** EXERCISE DESCRIPTION **
Look through the entries below. Report each line that has the word "Standard" in it.

===== EXTRACTED DATA =====

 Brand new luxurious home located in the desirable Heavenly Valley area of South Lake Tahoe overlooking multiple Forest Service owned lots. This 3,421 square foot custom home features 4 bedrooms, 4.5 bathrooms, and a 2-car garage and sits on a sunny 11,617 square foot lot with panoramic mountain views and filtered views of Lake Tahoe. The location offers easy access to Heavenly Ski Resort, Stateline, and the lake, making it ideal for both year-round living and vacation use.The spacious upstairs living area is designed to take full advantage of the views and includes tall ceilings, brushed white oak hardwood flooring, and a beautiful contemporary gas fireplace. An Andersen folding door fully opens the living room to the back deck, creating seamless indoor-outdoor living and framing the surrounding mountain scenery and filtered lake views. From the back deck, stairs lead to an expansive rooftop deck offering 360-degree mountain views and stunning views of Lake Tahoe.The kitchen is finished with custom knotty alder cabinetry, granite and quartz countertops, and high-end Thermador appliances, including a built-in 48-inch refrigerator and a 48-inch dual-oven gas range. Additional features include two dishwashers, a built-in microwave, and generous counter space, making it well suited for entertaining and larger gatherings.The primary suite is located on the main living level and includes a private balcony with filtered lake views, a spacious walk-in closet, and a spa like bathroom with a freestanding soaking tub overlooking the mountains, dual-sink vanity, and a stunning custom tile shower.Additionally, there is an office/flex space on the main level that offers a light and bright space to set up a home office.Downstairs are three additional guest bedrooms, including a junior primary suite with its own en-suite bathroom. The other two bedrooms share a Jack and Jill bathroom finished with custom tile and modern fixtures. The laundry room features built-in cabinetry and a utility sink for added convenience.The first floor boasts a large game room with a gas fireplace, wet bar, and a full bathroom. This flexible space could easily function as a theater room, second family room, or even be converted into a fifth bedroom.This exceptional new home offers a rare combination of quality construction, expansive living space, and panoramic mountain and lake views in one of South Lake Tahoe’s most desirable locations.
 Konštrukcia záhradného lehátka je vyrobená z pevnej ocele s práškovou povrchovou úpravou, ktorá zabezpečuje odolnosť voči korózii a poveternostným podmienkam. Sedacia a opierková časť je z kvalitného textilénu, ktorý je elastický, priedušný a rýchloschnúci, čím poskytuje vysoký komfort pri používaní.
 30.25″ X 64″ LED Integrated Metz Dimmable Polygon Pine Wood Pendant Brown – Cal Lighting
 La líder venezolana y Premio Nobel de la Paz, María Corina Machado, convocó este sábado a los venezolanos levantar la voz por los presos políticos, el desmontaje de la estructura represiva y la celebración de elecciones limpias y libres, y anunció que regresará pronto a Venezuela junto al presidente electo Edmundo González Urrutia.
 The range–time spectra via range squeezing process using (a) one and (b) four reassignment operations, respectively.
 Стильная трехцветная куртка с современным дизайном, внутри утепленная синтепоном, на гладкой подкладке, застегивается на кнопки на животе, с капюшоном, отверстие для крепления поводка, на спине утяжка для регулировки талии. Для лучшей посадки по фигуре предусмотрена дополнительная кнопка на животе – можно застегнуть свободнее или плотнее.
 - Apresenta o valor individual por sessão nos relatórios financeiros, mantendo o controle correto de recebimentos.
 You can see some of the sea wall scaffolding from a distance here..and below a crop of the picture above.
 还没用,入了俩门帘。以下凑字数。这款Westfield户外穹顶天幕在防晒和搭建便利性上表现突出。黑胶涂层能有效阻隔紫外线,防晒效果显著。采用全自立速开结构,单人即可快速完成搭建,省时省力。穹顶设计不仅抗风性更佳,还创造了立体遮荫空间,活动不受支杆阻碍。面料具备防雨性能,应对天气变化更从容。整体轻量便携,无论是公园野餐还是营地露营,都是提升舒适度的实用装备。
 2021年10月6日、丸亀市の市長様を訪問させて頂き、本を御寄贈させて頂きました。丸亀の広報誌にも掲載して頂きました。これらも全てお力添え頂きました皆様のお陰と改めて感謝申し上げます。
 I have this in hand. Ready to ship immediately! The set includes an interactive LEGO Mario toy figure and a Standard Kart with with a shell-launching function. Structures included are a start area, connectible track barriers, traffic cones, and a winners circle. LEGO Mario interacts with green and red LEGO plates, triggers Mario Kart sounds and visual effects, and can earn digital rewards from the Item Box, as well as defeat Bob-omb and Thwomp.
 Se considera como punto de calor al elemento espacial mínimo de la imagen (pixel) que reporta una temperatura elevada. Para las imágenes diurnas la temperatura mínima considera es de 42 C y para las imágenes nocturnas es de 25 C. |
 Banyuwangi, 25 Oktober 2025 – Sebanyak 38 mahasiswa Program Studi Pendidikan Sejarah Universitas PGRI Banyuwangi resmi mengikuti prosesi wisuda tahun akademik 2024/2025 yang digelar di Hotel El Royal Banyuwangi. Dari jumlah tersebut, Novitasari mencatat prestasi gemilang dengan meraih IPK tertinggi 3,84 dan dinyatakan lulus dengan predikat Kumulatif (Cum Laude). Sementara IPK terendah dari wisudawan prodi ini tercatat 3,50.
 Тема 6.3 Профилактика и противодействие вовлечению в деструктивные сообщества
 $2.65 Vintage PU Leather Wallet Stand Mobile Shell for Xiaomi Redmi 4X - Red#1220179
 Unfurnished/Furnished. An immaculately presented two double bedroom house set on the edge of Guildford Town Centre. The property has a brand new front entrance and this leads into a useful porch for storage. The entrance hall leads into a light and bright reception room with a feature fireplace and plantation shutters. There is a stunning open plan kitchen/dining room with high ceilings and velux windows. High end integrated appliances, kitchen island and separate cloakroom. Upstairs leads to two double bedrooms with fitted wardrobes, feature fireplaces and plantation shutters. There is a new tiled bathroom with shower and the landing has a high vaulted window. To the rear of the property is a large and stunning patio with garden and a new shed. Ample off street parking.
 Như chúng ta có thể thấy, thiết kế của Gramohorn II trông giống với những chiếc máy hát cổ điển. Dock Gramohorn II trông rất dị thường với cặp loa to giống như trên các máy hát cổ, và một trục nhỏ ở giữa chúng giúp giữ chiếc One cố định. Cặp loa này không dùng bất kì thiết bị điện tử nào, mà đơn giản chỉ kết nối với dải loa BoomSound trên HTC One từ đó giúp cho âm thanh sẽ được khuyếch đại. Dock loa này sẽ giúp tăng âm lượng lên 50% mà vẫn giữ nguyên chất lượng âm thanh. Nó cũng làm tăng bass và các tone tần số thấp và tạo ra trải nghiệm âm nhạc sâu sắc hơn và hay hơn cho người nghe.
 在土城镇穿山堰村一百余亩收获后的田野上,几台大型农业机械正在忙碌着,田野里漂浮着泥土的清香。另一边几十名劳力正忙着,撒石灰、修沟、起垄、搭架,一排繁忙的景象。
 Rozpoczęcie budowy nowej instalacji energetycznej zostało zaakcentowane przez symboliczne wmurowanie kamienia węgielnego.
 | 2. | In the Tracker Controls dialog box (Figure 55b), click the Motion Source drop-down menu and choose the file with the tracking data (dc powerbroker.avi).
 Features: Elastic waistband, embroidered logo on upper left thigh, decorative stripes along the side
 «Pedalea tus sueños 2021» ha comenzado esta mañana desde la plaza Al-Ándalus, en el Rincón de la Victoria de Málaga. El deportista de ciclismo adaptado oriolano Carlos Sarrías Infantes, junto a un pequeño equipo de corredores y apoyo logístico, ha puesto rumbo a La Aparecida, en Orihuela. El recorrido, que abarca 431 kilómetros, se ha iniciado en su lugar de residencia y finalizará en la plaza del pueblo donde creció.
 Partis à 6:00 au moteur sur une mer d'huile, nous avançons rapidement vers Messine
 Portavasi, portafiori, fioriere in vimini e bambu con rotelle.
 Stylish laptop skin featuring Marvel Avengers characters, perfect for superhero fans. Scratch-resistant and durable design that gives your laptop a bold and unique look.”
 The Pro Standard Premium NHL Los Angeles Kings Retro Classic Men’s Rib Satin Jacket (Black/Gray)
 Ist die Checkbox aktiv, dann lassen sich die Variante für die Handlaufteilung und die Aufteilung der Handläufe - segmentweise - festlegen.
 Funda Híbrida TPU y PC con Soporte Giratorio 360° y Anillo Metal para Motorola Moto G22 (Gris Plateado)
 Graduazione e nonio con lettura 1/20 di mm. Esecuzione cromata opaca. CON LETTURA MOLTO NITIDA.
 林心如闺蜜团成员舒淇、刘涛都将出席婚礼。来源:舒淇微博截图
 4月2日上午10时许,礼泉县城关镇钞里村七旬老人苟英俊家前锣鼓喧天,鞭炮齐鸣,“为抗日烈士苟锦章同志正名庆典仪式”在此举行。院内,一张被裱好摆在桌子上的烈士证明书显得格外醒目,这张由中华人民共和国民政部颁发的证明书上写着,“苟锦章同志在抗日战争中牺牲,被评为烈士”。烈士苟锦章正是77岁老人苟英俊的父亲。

=====

** SOLUTION FOR THIS TASK **
 I have this in hand. Ready to ship immediately! The set includes an interactive LEGO Mario toy figure and a Standard Kart with with a shell-launching function. Structures included are a start area, connectible track barriers, traffic cones, and a winners circle. LEGO Mario interacts with green and red LEGO plates, triggers Mario Kart sounds and visual effects, and can earn digital rewards from the Item Box, as well as defeat Bob-omb and Thwomp.
 The Pro Standard Premium NHL Los Angeles Kings Retro Classic Men’s Rib Satin Jacket (Black/Gray)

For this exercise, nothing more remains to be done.